Screen Reviews
Altamont Now

Altamont Now

directed by Joshua von Brown

starring Daniel Louis Rivas, Ralph Nash Thompson, Frankie Shaw

Factory 25

Altamont Now

“I’m so ripe for crossover… “ Thus spoke Richard Havoc (Rivas) when approached by dorky filmmaker Mark Clark (Thompson) in his remote high desert bunker. Havoc is a sort of modern day Charlie Manson, except that his cult seems to only consist of bitchy girlfriend Karen (Shaw), one-handed geeky IT manager Travis (Teddy Eck) and psycho monologist Alex (Matthew Humphries). They’ve moved into an abandoned missile silo and plan to take over the world with Punk Rock, although they seem less organized than John Waters’ guerrilla filmmakers in Cecil B Demented. Everyone is good at posing and shooting holes in candy bar machines, but when they make “The Call” to the disaffected youth of America the response is underwhelming. It takes more than a psychotic haircut and an E chord to take over the world these days.

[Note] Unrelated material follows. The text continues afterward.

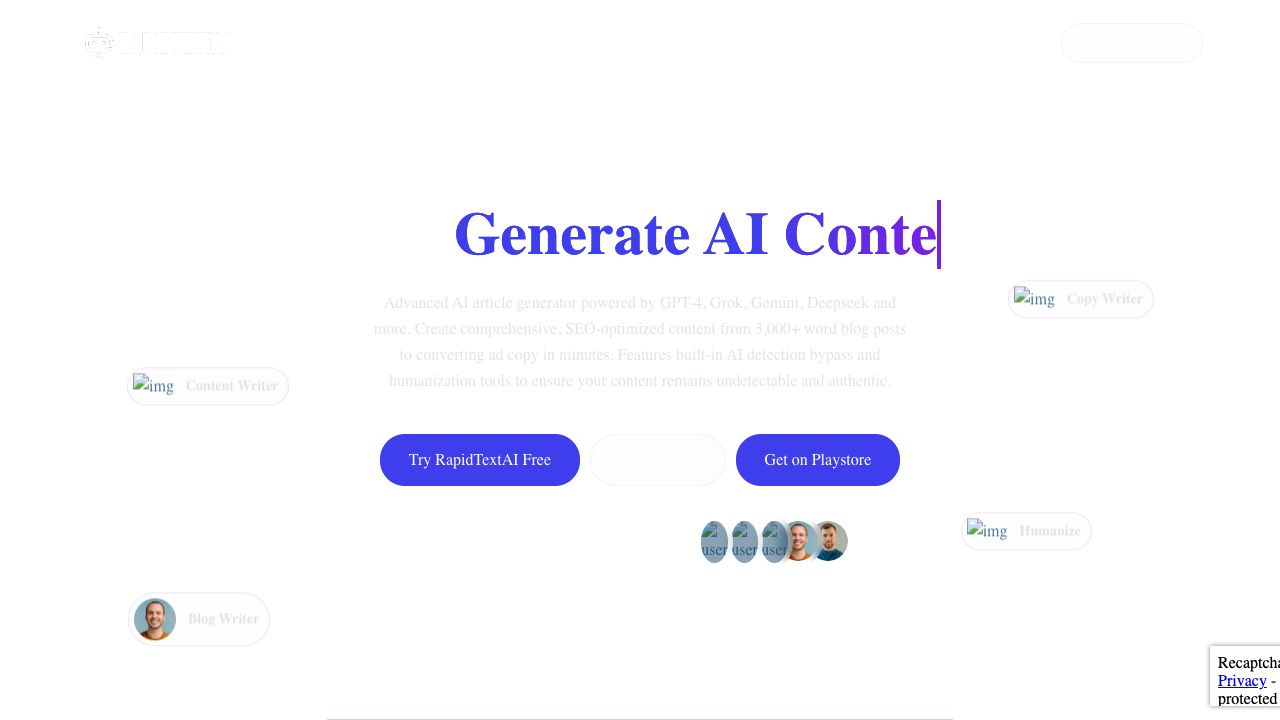 RapidTextAI is an advanced AI article generator, content, and image generation tool powered by multiple AI models such as GPT-4, Grok, Gemini, and Deepseek. It helps marketers, bloggers, and content creators generate comprehensive, SEO-optimized content from 3,000+ word blog posts to converting ad copy in minutes. It features built-in AI detection bypass and humanization tools to ensure content remains undetectable and authentic.

Shot on a low budget in downtown Yuma, Arizona and an abandoned missile silo in upstate New York, this film is wildly clever and packed full of sizzling one liners. You’ll shoot milk out your nose over lines like “We can’t start a revolution without snacks” and “Lights, camera, asshole” but there’s stuff you’ll need a second pass to catch in this gripping absurdist film. All the actors are superb: beside Karen’s bitch-o-rama and Havoc’s perma-anger, pseudo filmmaker Mark is so deadly serious you want to pistol whip him yourself. Musically, Havoc sounds like a dozen bands from The Germs to Social Distortion. His synthesis of forms is solid but not as essential to the story as his Mick Jagger sexuality and David Johanssen sneer. He sets his sights high and when he falls it’s hubris as good as any the Greeks produced. Low budget films can vary from the painful to the sublime, and this is the sort of movie that keeps your faith alive in the low budget film festival.